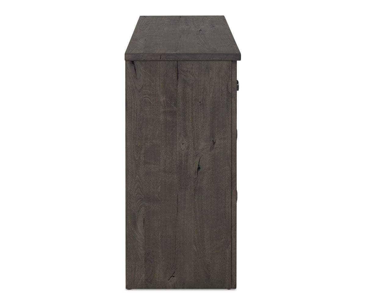 Find a place for everything with the Carter double dresser. Constructed of solid American alder wood with a grey stain, this dresser features six generous drawers. With quality construction and modern-meets-rustic style, this functional dresser will be part of your decor for years to come.
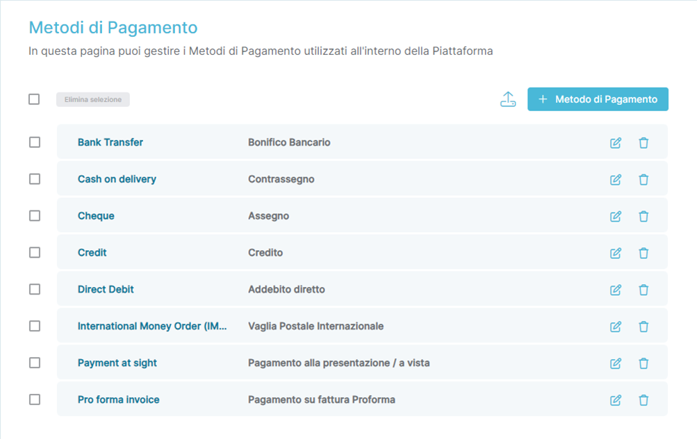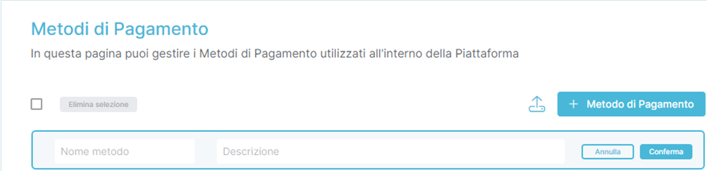 Dalla pagina dei Metodi di Pagamento è possibile:
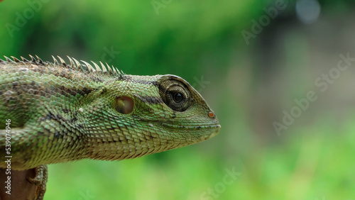 Obraz premium Close-up of bright green chameleon head isolated on blurred background
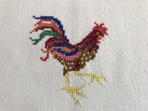 Antik Tischdecke 136x136 bunte Kreuzstich Stickerei Hahn Baumwolle WunderSCHÖN
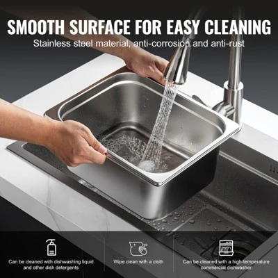 Easy to Clean: The smooth surface of the catering storage food pan makes it easy to clean. You can clean it with detergent and a cloth, or use a dishwasher for convenience.
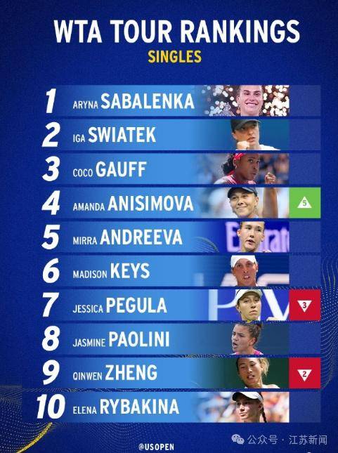 此前,随着美国网球公开赛落幕,2025赛季四大满贯赛事全部结束。WTA官方随后更新了最新一期世界排名,白俄罗斯名将萨巴伦卡凭借美网冠军的出色表现,以11,225分的绝对优势继续领跑积分榜。值得注意的是,中国选手郑钦文因伤缺席美网,排名下滑2位至第九,积分(4,003分)与第八位的保利尼(4,006分)仅差3分,未来仍有望重返前八。
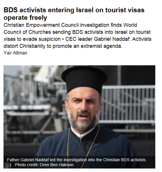 The Israeli Christian Recruitment Forum led by Father Gabriel Naddaf, spiritual leader of the Aramean Christian community in Israel, reportedly had sent information to the Interior Ministry which exposed Phiri as an executive for the WCC who was traveling to Israel to consult with church leaders at the Ecumenical Accompaniment Programme in Palestine and Israel (EAPPI)—a WCC-supported group that promotes boycotts and “demonizes Israel under the purported guise of ‘peace activists’.”
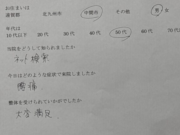 腰痛が楽になりました 2026/02/09 ネット検索で知りました。 今日は腰痛のため来院しました。 整体を受けて(痛みが軽くなり)大変満足です。 院長コメント この方は工場勤務で同じ姿勢で長時間作業することで腰だけでなく、肩や足にも強い張りがありました。 下半身から施術して身体全体をほぐすことにより、楽になってもらえたようです。
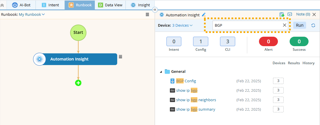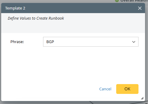 Example: Set a search phrase in the template and use it to create a new runbook showing automations with the phrase ‘BGP’.- Select Search Phrase as the item and name it Phrase.
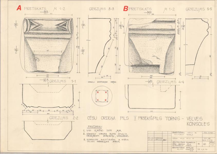 Cēsu viduslaiku pils drupas. Tornis, detaļas, velvju konsoles (Cēsu novads, Cēsis. Pils laukums 11.)
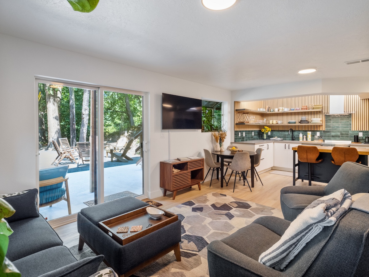 Esclusiva suite per gli ospiti in una nuova e sorprendente casa moderna nascosta tra le cime boscose delle montagne Tualatin a nord di Portland. Le vetrate incorniciano viste private sul paesaggio naturale della foresta e offrono molta luce naturale. Ingresso privato per gli ospiti, patio coperto con focolare e stile architettonico presentato nel 2020 Portland Modern Homes Tour. A pochi passi dalla nostra proprietà Nos Suenos Farm e dalle viste sulla valle del vigneto. Perfetto rifugio per single o coppie!
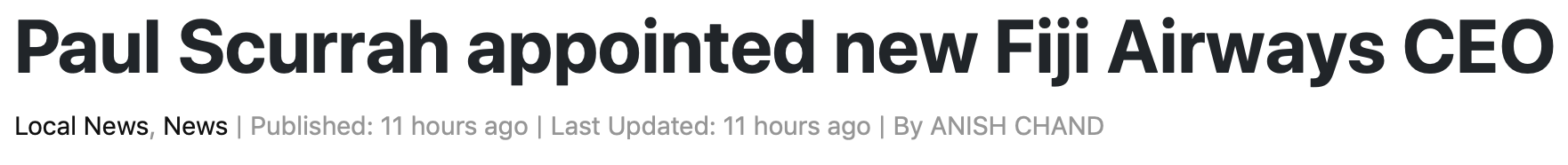 The one ray of sunshine in all the gloom this Tuesday morning is that the guardians of Fiji Airways haven’t fallen for the concerted campaign for a local to be given charge of easily our most precious national asset. We welcome the new CEO of Fiji Airways – Paul Scurrah, the former head of Virgin Australia – and wish him clear skies as he builds on the great work of the departing Andre Viljoen for the past decade.
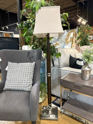 Adjustable Wood/Brushed Silver Metal Base Floor Lamp
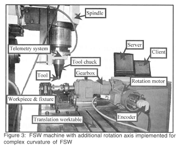 A telemetry system instrumented on the tool chuck was built to obtain on-line detailed information about process variables. The sufficiently high sample rate of process variables from the telemetry system and encoders allows acceptable response time for on-line monitoring of complex curvature FSW.
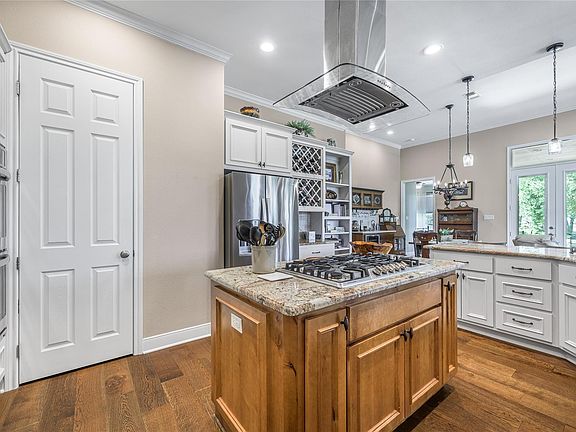 The open living area includes a chef’s kitchen, bar, dining space, and cozy den with a gas log fireplace. A home office is located off the main living area. The master bedroom features a spacious ensuite and walk-in closet, while a guest bedroom down the hall also includes an ensuite. A private third bedroom above the garage has its own ensuite and a balcony with views of La Grange.
§
Pictures don't belong in the copy. Transcribe every record exactly as it appears.

▸ **Answer area**
 Find a place for everything with the Carter double dresser. Constructed of solid American alder wood with a grey stain, this dresser features six generous drawers. With quality construction and modern-meets-rustic style, this functional dresser will be part of your decor for years to come.
 Dalla pagina dei Metodi di Pagamento è possibile:
 Obraz premium Close-up of bright green chameleon head isolated on blurred background
 Antik Tischdecke 136x136 bunte Kreuzstich Stickerei Hahn Baumwolle WunderSCHÖN
 Easy to Clean: The smooth surface of the catering storage food pan makes it easy to clean. You can clean it with detergent and a cloth, or use a dishwasher for convenience.
 此前,随着美国网球公开赛落幕,2025赛季四大满贯赛事全部结束。WTA官方随后更新了最新一期世界排名,白俄罗斯名将萨巴伦卡凭借美网冠军的出色表现,以11,225分的绝对优势继续领跑积分榜。值得注意的是,中国选手郑钦文因伤缺席美网,排名下滑2位至第九,积分(4,003分)与第八位的保利尼(4,006分)仅差3分,未来仍有望重返前八。
 The Israeli Christian Recruitment Forum led by Father Gabriel Naddaf, spiritual leader of the Aramean Christian community in Israel, reportedly had sent information to the Interior Ministry which exposed Phiri as an executive for the WCC who was traveling to Israel to consult with church leaders at the Ecumenical Accompaniment Programme in Palestine and Israel (EAPPI)—a WCC-supported group that promotes boycotts and “demonizes Israel under the purported guise of ‘peace activists’.”
 腰痛が楽になりました 2026/02/09 ネット検索で知りました。 今日は腰痛のため来院しました。 整体を受けて(痛みが軽くなり)大変満足です。 院長コメント この方は工場勤務で同じ姿勢で長時間作業することで腰だけでなく、肩や足にも強い張りがありました。 下半身から施術して身体全体をほぐすことにより、楽になってもらえたようです。
 Example: Set a search phrase in the template and use it to create a new runbook showing automations with the phrase ‘BGP’.- Select Search Phrase as the item and name it Phrase.
 Cēsu viduslaiku pils drupas. Tornis, detaļas, velvju konsoles (Cēsu novads, Cēsis. Pils laukums 11.)
 Esclusiva suite per gli ospiti in una nuova e sorprendente casa moderna nascosta tra le cime boscose delle montagne Tualatin a nord di Portland. Le vetrate incorniciano viste private sul paesaggio naturale della foresta e offrono molta luce naturale. Ingresso privato per gli ospiti, patio coperto con focolare e stile architettonico presentato nel 2020 Portland Modern Homes Tour. A pochi passi dalla nostra proprietà Nos Suenos Farm e dalle viste sulla valle del vigneto. Perfetto rifugio per single o coppie!
 The one ray of sunshine in all the gloom this Tuesday morning is that the guardians of Fiji Airways haven’t fallen for the concerted campaign for a local to be given charge of easily our most precious national asset. We welcome the new CEO of Fiji Airways – Paul Scurrah, the former head of Virgin Australia – and wish him clear skies as he builds on the great work of the departing Andre Viljoen for the past decade.
 Adjustable Wood/Brushed Silver Metal Base Floor Lamp
 A telemetry system instrumented on the tool chuck was built to obtain on-line detailed information about process variables. The sufficiently high sample rate of process variables from the telemetry system and encoders allows acceptable response time for on-line monitoring of complex curvature FSW.
 The open living area includes a chef’s kitchen, bar, dining space, and cozy den with a gas log fireplace. A home office is located off the main living area. The master bedroom features a spacious ensuite and walk-in closet, while a guest bedroom down the hall also includes an ensuite. A private third bedroom above the garage has its own ensuite and a balcony with views of La Grange.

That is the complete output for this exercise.